10.4.12

What If...(Soap Box Rant)

What if I told you it really does get better?  


I know that can seem patronizing.  I've been there.  And sometimes, if I'm complacent enough, I can still get there.  But for the most part, life is better than I ever dared to hope.  


In passing I commented the other day, "I choose to see myself; not in memories of what I've lost, but instead in the things I dare to dream."  I spent so long being afraid to dream, afraid to try, knowing more often than not I would end up feeling failure and in embracing that I perpetuated the depression, the angst.  It was a curious moment when I realized I had to CHOOSE otherwise.  


Yes, I have a long list of diagnosis'.  Yes, I did/do require therapy in many forms to stay healthy, but that's it.  I am just staying healthy.  It's not a shame, it's not something I fear anymore or feel the need to hide.  I am simply CHOOSING to live the life that supports my desire to stay healthy and MENTALLY FIT. 
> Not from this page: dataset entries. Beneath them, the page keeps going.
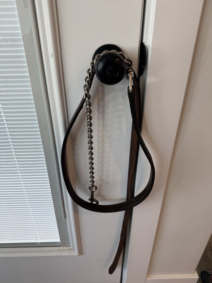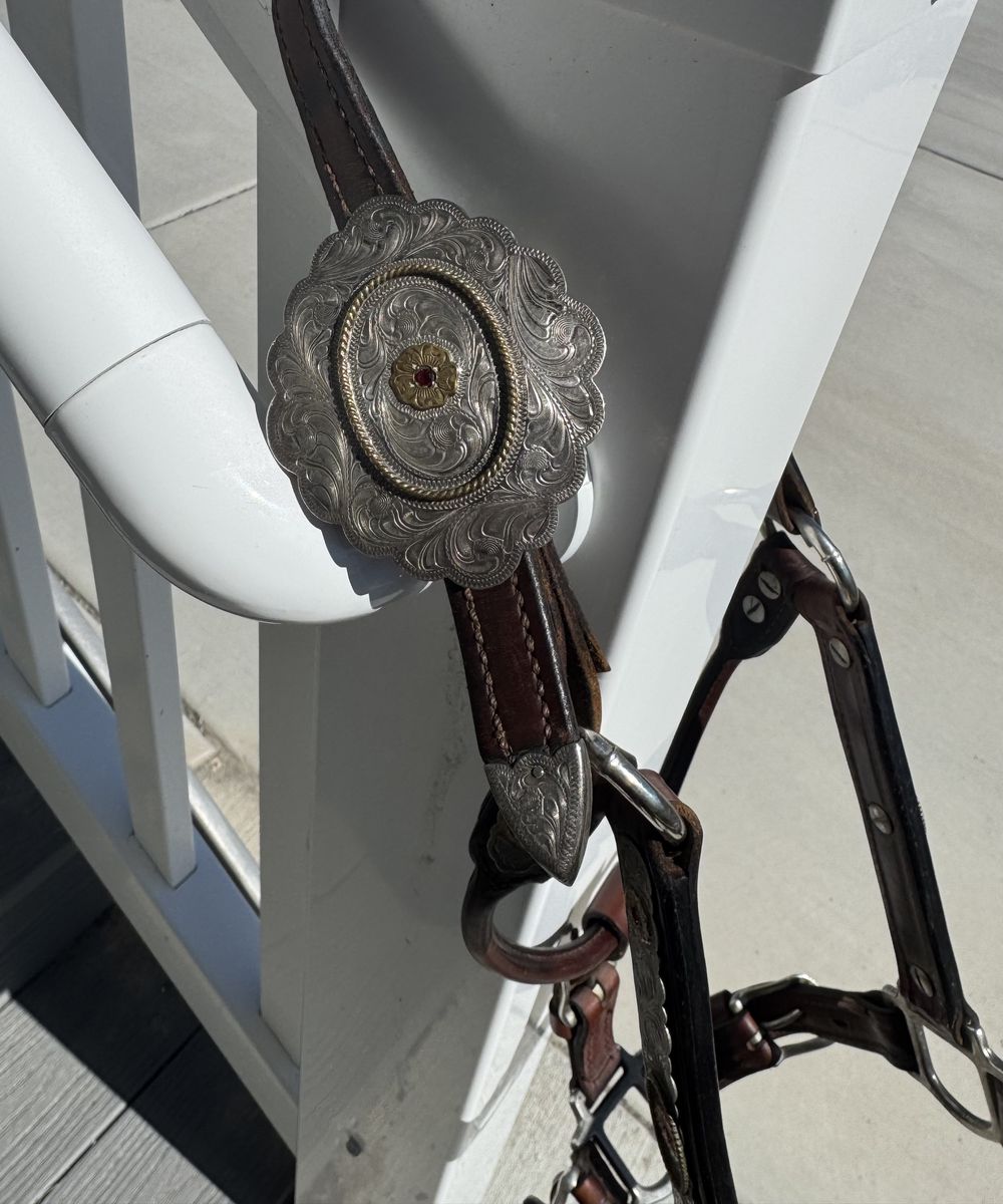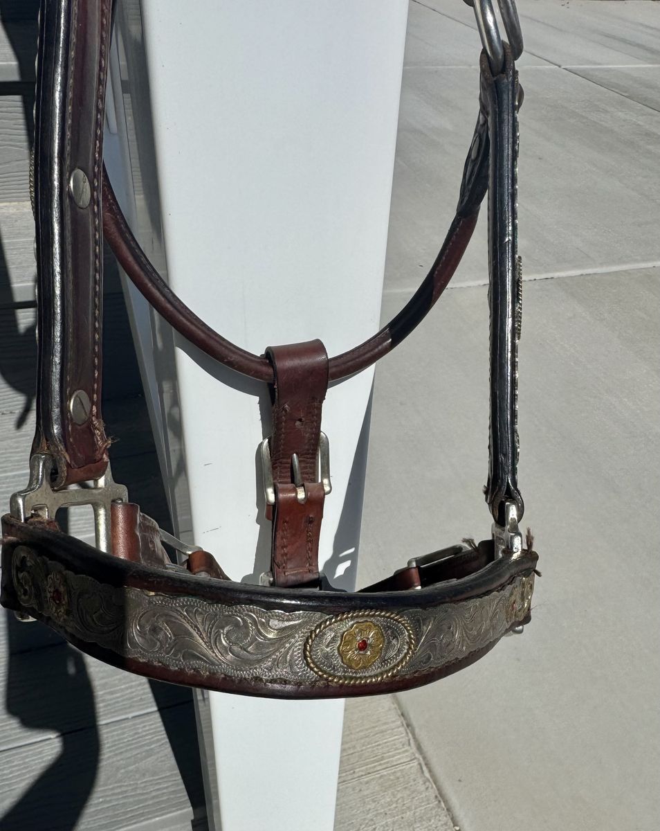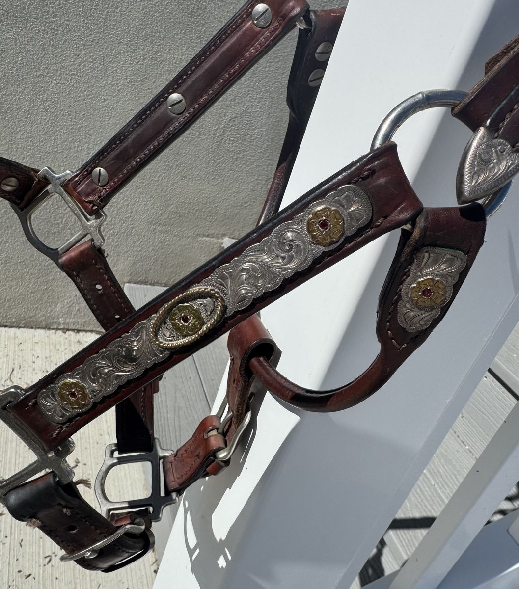 ApplePayOlder, petite show halter with lead in good condition. It was sold to me as a yearling halter, but I’ve used it on a quarter pony and a quarter horse with a smaller head (last photo). It is adjustable and has higher quality silver, which does need polished. Stored indoors in a smoke free home.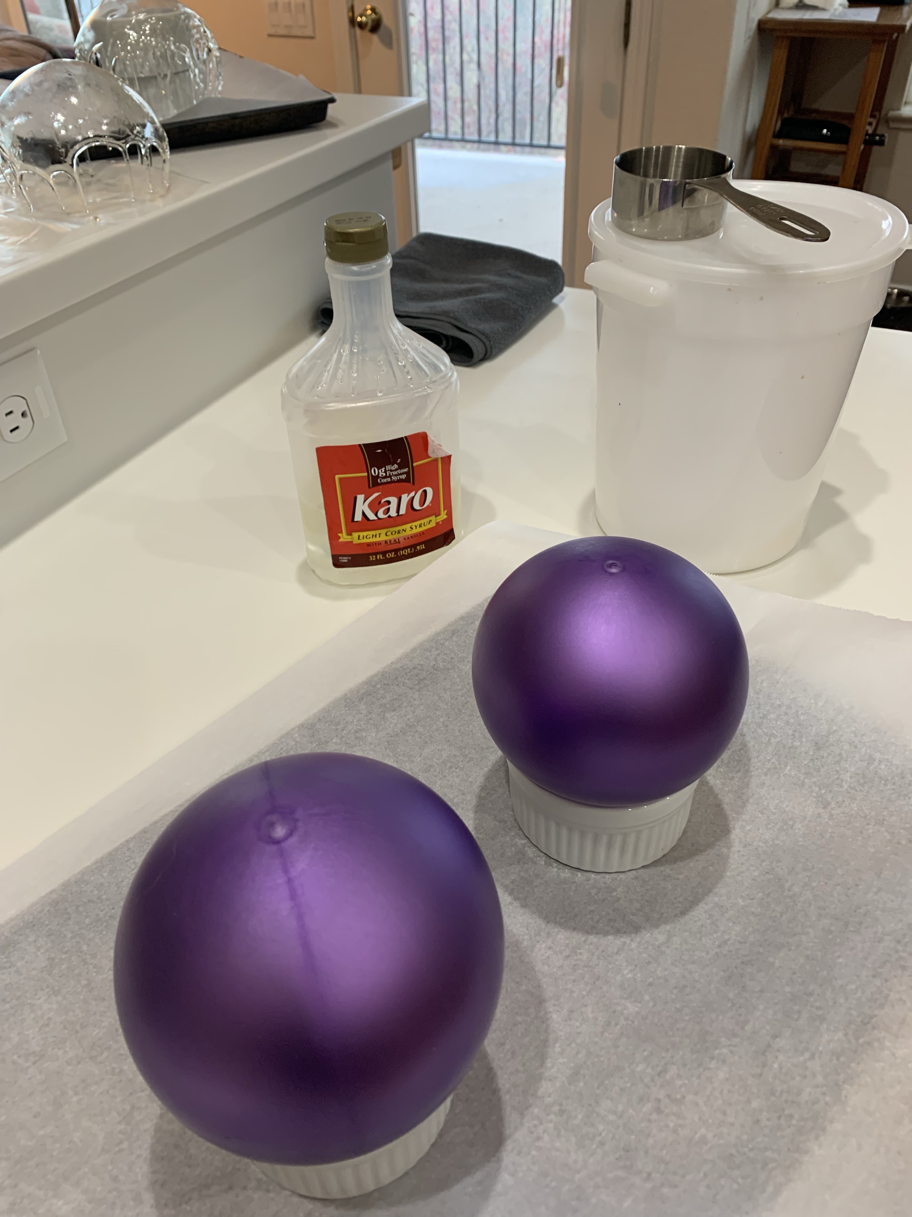 I changed my plan from a small dome on shell tart to a 5” fondant covered cake. Now I had to make the domes bigger and higher.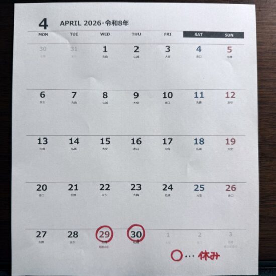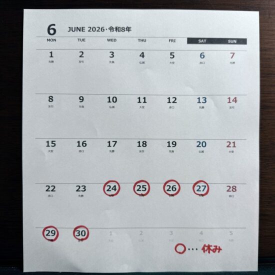 6月の休みは変更するかもしれません。変更する場合は4/20に、このカレンダーを書き換えますm(__)m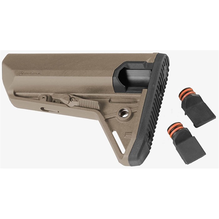The storage-capable version of the flagship Magpul MOE SL™ carbine stock, the MOE SL-S (Storage) Stock is a direct replacement buttstock for AR15/M4 carbines. The sleek profile, dual-side release latches, and waterproof battery tubes make it the slimmest storage tube stock available. The SL-S provides an enhanced cheek weld and true, O-ring sealed, 10m waterproof battery storage, but fits it into the narrowest package possible to allow a more upright head position and minimize bulk. A rolled toe and angled rubber butt-pad are optimized for use with body armor, and an ambidextrous QD sling swivel socket is included. A unique leaf-spring tension system provides a solid fit on mil-spec receiver extensions, with slightly less friction than the original SL.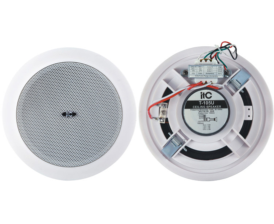 Недорогой бюджетный встраиваемый потолочный громкоговоритель ITC T-105U предназначен для трансляции фоновой музыки и голосовых сообщений в системах оповещения.
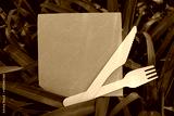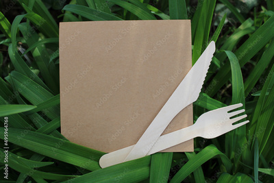 Fourchette et couteau en bois dans l'herbe, mangez sain, mangez local
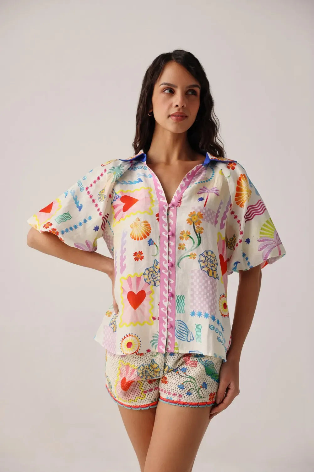 Crafted in viscose-linen with placement print detailing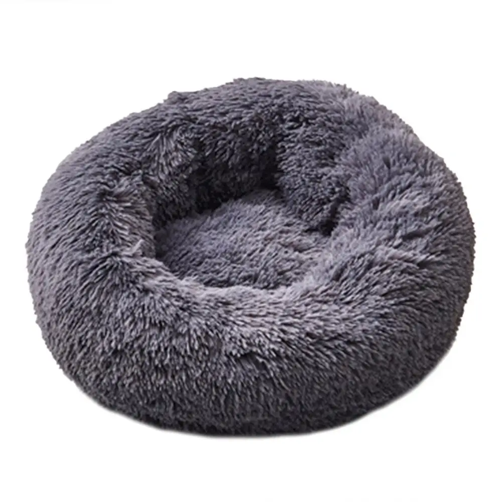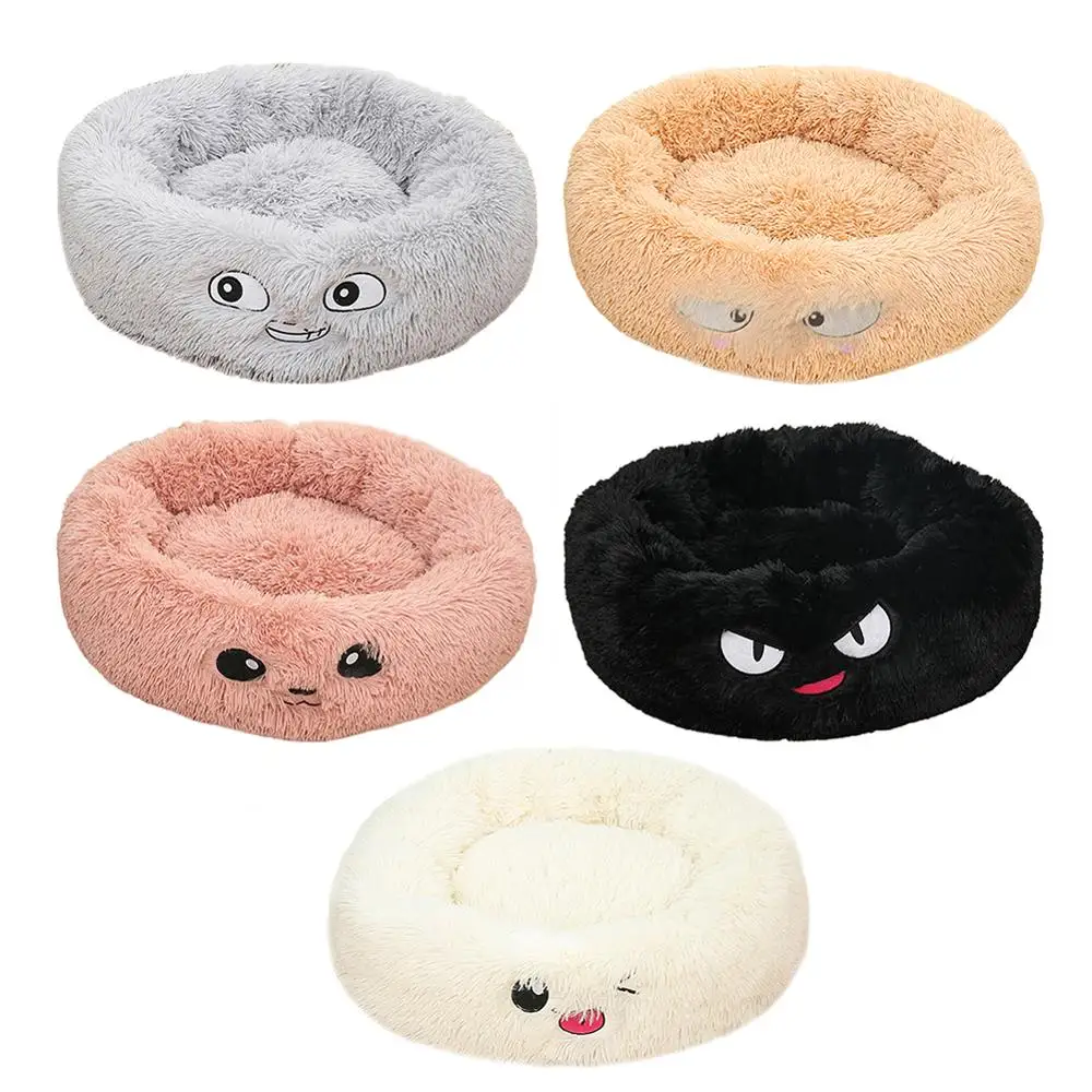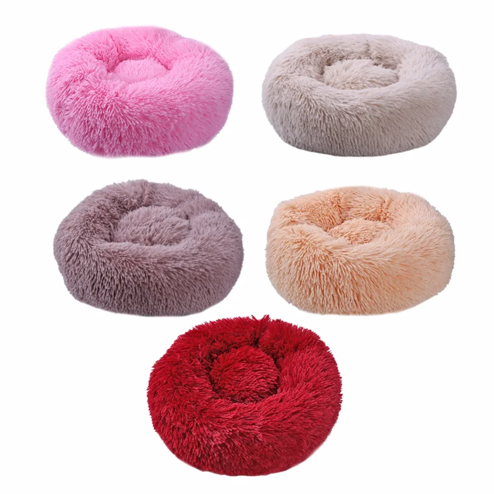 Круглая мягкая Лежанка для собак, моющаяся длинная плюшевая кровать, домик для кошек, бархатный коврик, диван для собак чихуахуа, корзина для питомца

Maybe this is one of those soap box moments where I just feel the need to stand up and scream, it can be so much better;  or maybe this is just another wall coming down in hopes of revealing a piece of myself that has been so important in getting to where I am.  In any case, here it is;  Choose happy!  Choose to embrace hope and dream in every possibility!  Try not to read these words with spite or in doubt.  I understand all too well the ease at which we can embrace what feels impossible.  Just today, try something different.  Go for a walk.  Throw on your favourite CD.  Hit up a yoga class.  Invite a friend for coffee.  Just try something different, and if only for 1 minute of that you forget to be "lost", it's a minute to build off of!